Dans une visite que je fis dernièrement à Son Eminence Mgr notre Archevêque [Card. Morlot], sur quelques mots que j'essayais de lui dire et qui furent, il est vrai, interrompus par une personne survenant, il me répondit que peut-être il serait sage pour nous de nous rattacher à quelque Congrégation déjà fondée et dont la consistance pourrait nous donner appui. Sans prendre ces mots pour un avis, puisque Mgr n'avait pu donner précisément cette portée à ses paroles, nous avons bien souvent avant et depuis examiné si nous ne trouverions pas avantage à nous unir comme tiers-ordre à la Congrégation de St-Lazare, par exemple, nous plaçant à son égard à peu près comme le sont les Sœurs de Charité qui ont leur constitution propre, leur Supérieure commune, et qui sont seulement dirigées et appuyées de haut par la Congrégation de St-Lazare. Je sais que la situation serait différente à notre égard; bien des choses seraient à considérer; jusqu'où irait l'union et la dépendance? Que deviendraient nos vœux de religion? Pour tout cela, on aurait à se mieux éclairer en prenant communication des règles des Sœurs de St-Vincent-de-Paul, en ce qui touche leurs rapports avec MM. de St-Lazare. En supposant, par exemple, que M. le Général désignât un prêtre de sa Congrégation pour nous donner haute direction, on pourrait craindre, ou qu'il s'occupât faiblement de nous, ce qui rendrait notre rapprochement avec la Congrégation de la Mission à peu près illusoire, ou qu'il intervînt trop effectivement dans le détail de nos affaires et n'entravât notre mouvement ainsi que la libre direction du Supérieur de la Communauté.

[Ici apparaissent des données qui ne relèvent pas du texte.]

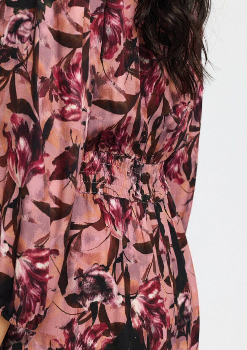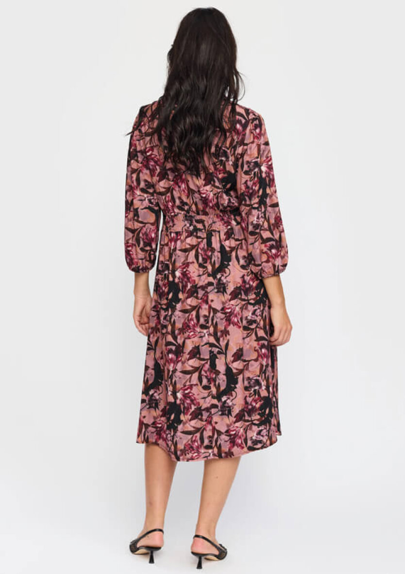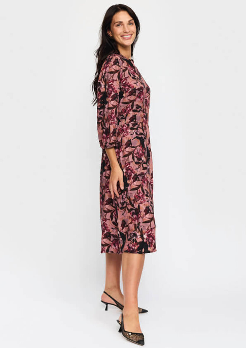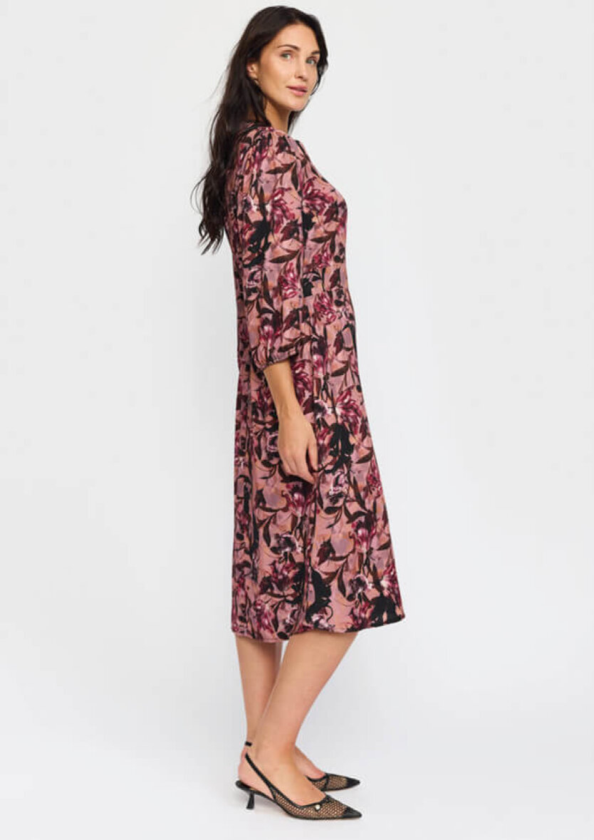 Knælang 2-biz kjole i en skøn rosa base farve med et fint vinrød og sorte blomsterprint. Kjolen er lavet i en lækker blød viskose kvalitet.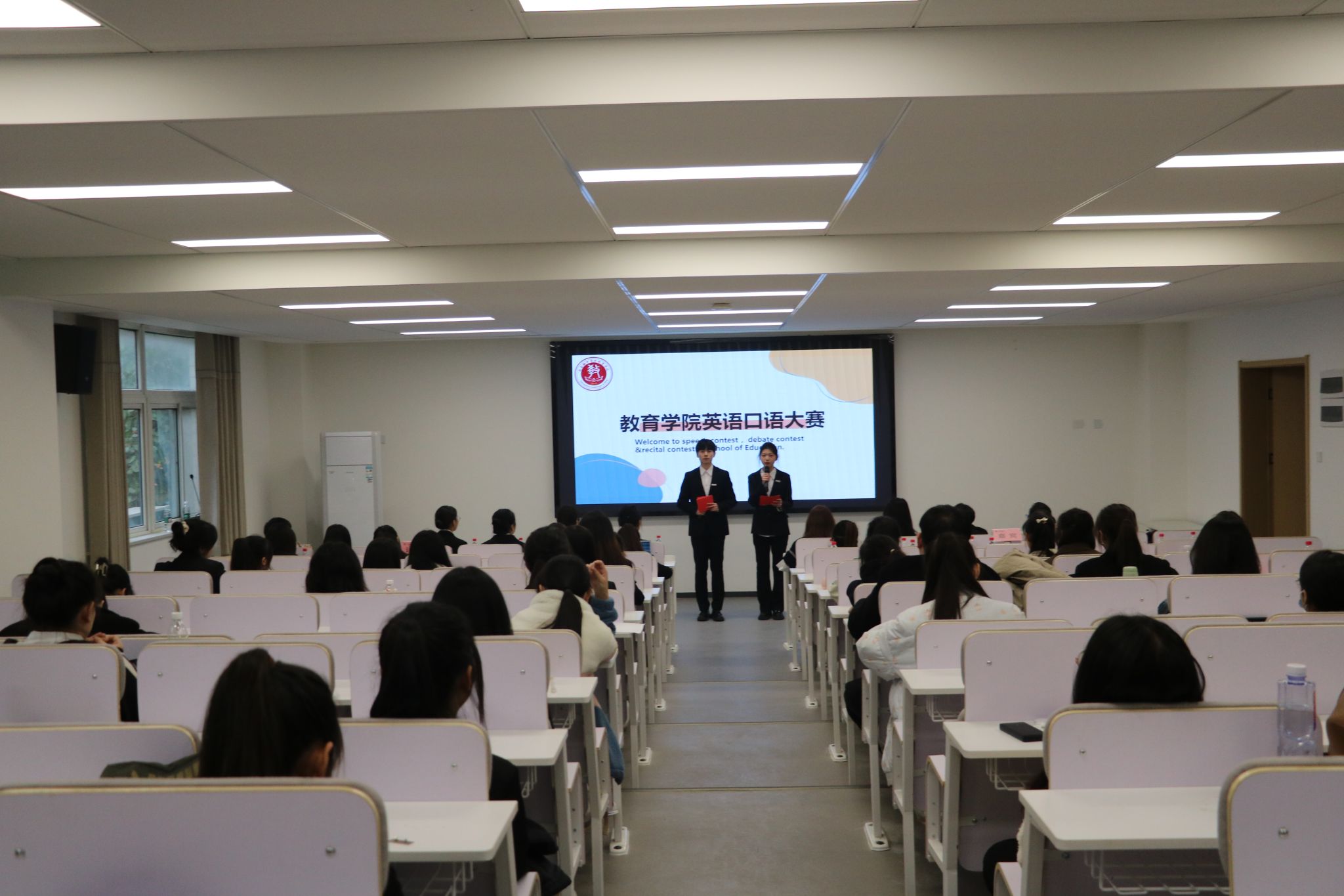 为提高广大学生的英语口语表达能力,激发同学们学习英语的热情,丰富大家的学习生活,西安翻译学院第三十四届外语口语大赛教育学院复赛于 2022年11月9日下午14:00在八号楼二楼学术报告厅顺利举行,莅临本次比赛的领导及嘉宾有教育学院副院长王小龙、辛维英,教育学院综合班主任赵海波、综合办副主任张改宁,担任本次口语大赛的评委有教育学院专职教师杨宁、英文学院专职教师张雪、郭冬会、李洁莹、梁金凤。
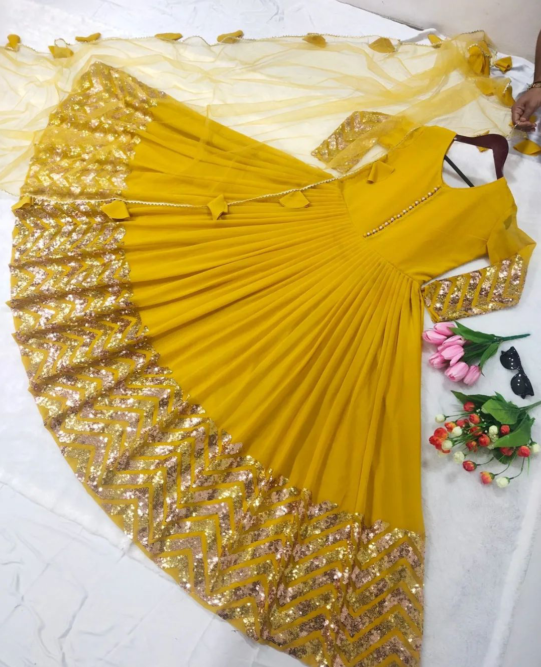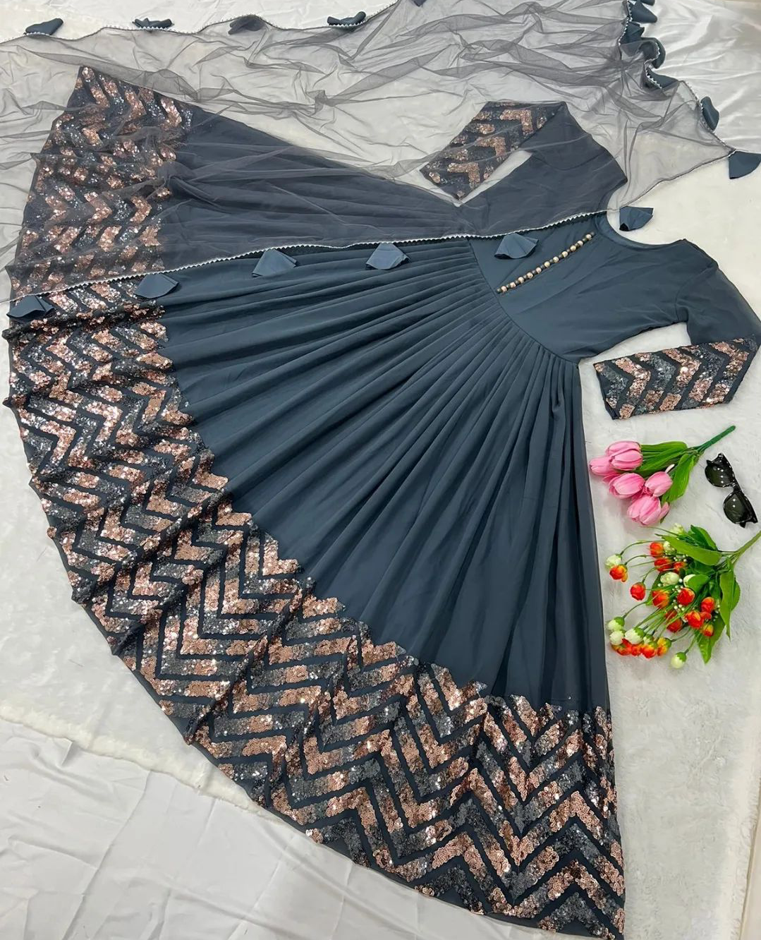 Gown Fabric : Georgette With Heavy Embroidery 5mm Copper and 3mm Tone to Tone Sequence Work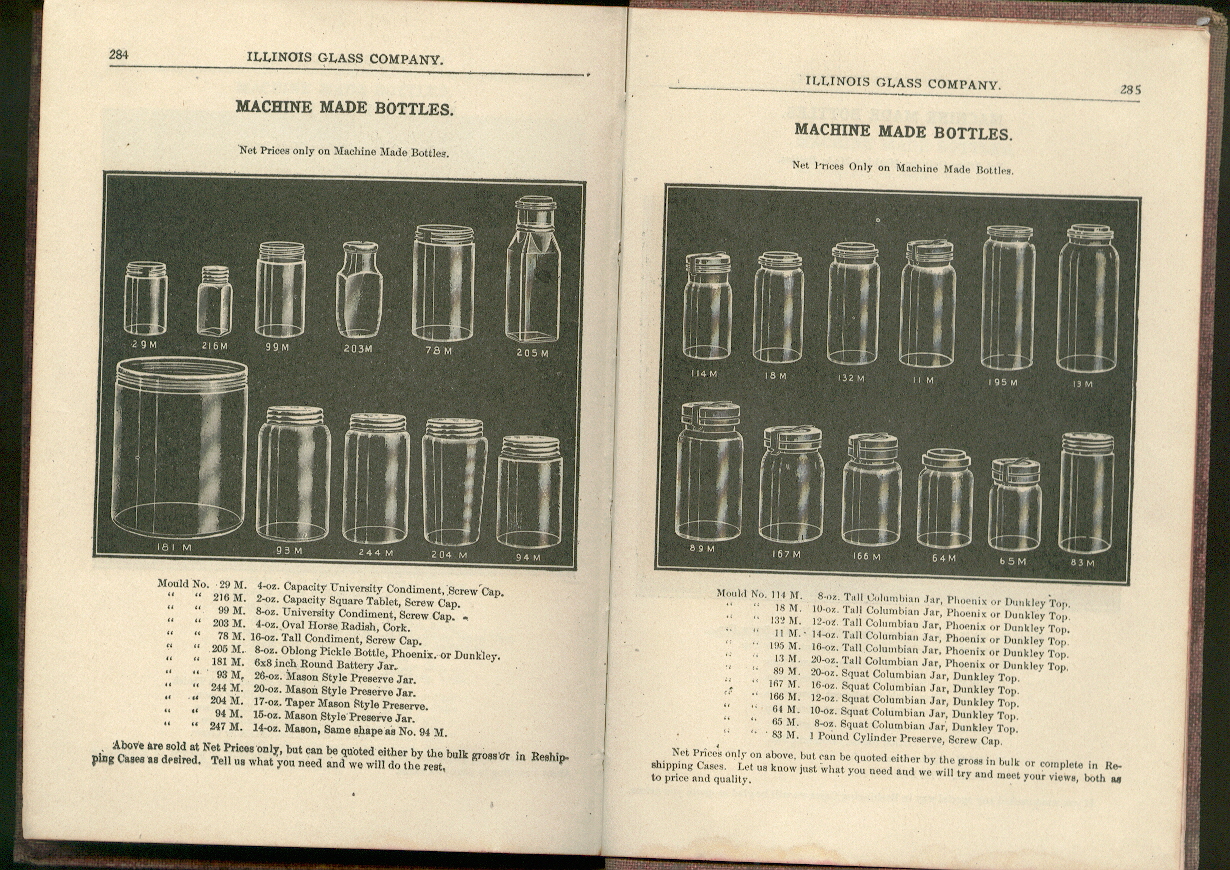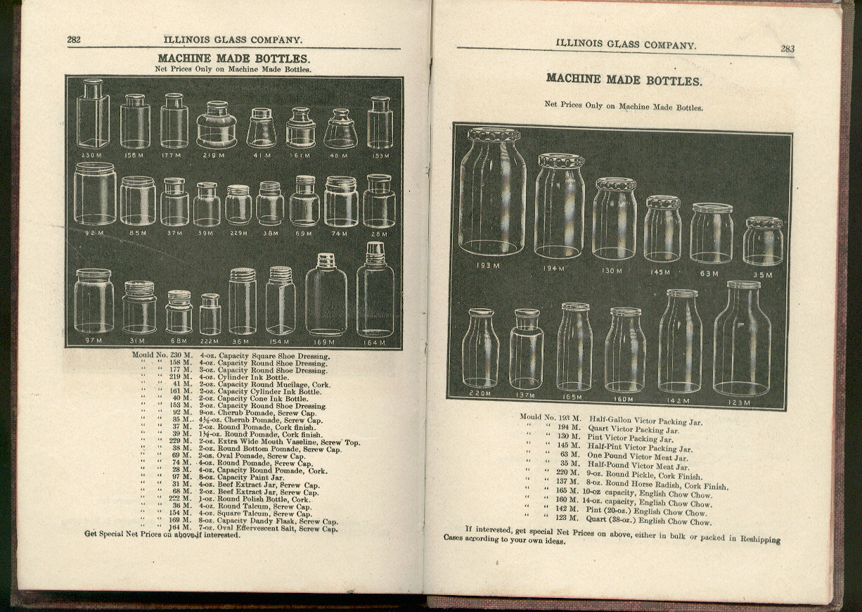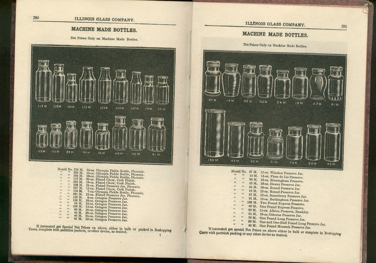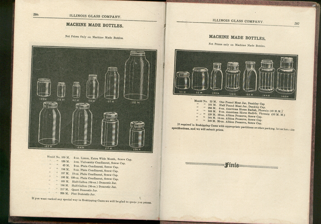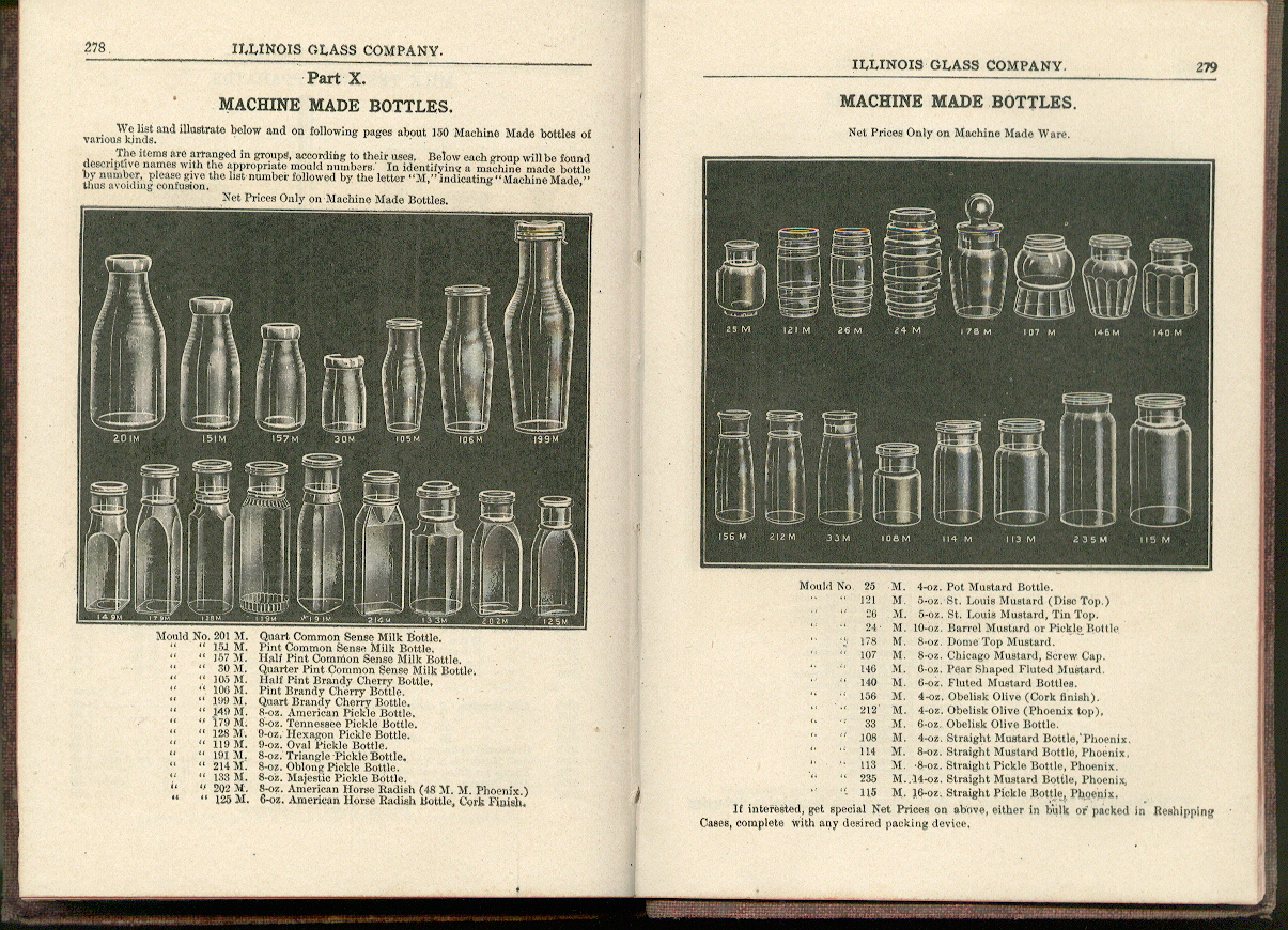 The first decade of the 1900s was a pivotal time in glassmaking history as the first serious assaults on mouth-blown manufacturing methods were just beginning to be made by machines. By 1906, there were some semi-automatic machines beginning to produce wide-mouth jars and bottles in quantity. Pages 278-287 of the 1906 IGCo. catalog lists an assortment of wide mouth "Machine Made Bottles" that the IGCo. was producing; items which were not listed in the previous (1903-1904) catalog. These "Machine Made Bottles" were almost certainly made by semi-automatic press-and-blow machines where the glass had to be hand fed into the machine since the IGCo. was not licensed to use the Owens Automatic Bottle Machines - the first fully automatic bottle machines - until 1911 (Miller & McNichol 2002). Given this fact, it is certain that all of the bottles in this catalog were mouth-blown with the exception of noted wide mouth items listed at the end of the catalog which would exhibit machine-made characteristics (see the Machine-made Bottles dating page for more information) .

Pardonnez-moi, mon bon et vénéré Seigneur, de vous dire si longuement tous nos doutes, toutes nos incertitudes, elles peuvent servir à vous éclairer en vous montrant mieux combien nous sommes peu forts et combien votre appui, les lumières de votre haute expérience nous seront nécessaires.

Nous avons accueilli avec bonheur l'espérance que votre lettre nous permet de concevoir d'une prochaine visite que vous feriez à vos enfants de Vaugirard; elle serait pour nous un véritable bien et j'ose dire, Monseigneur, une véritable bonne œuvre pour vous. Nous vous préparons, si vous ne la dédaignez pas, une humble cellule; mais je ne saurais assez insister sur toute l'indulgence et l'esprit de pauvreté dont vous auriez besoin, si vous ne croyez pas impossible de prendre asile dans notre chétive maison. Nous bâtissons en ce moment un corps de logis considérable, le désordre qui s'en suit, joint au voisinage de nos ateliers, rend le séjour de notre pauvre demeure bien peu agréable; si vous passiez à travers tous ces inconvénients, notre reconnaissance n'en devrait être que plus grande. J'attendrai de votre bonté, Monseigneur, quelques mots d'avis sur ce que vous croirez pouvoir décider à ce sujet.

L'affaire d'une fondation de notre petite communauté à Angers semble, en effet, souffrir bien des difficultés, comme vous le présumez, Monseigneur; les raisons d'intérêt n'y sont, à vrai dire, entrées pour rien, nous savons quelle place elles doivent avoir quand les choses que la Providence conduit; notre faiblesse, l'insuffisance de notre personnel, la pesanteur de nos charges présentes ont été les principaux motifs de notre décision; il en est aussi quelques autres inhérentes à l'œuvre elle-même que nous aurions eu à prendre et aux circonstances où elle nous eût placés. Si nous avons le bonheur de vous voir, je pourrai, Monseigneur, vous donner à ce sujet des explications plus détaillées. Je regrette de finir si bas ma lettre et vous prie, Monseigneur d'agréer l'hommage que je vous présente au nom de tous, de nos sentiments de profond respect et de filial dévouement.

Votre humble serviteur et fils en J. et M.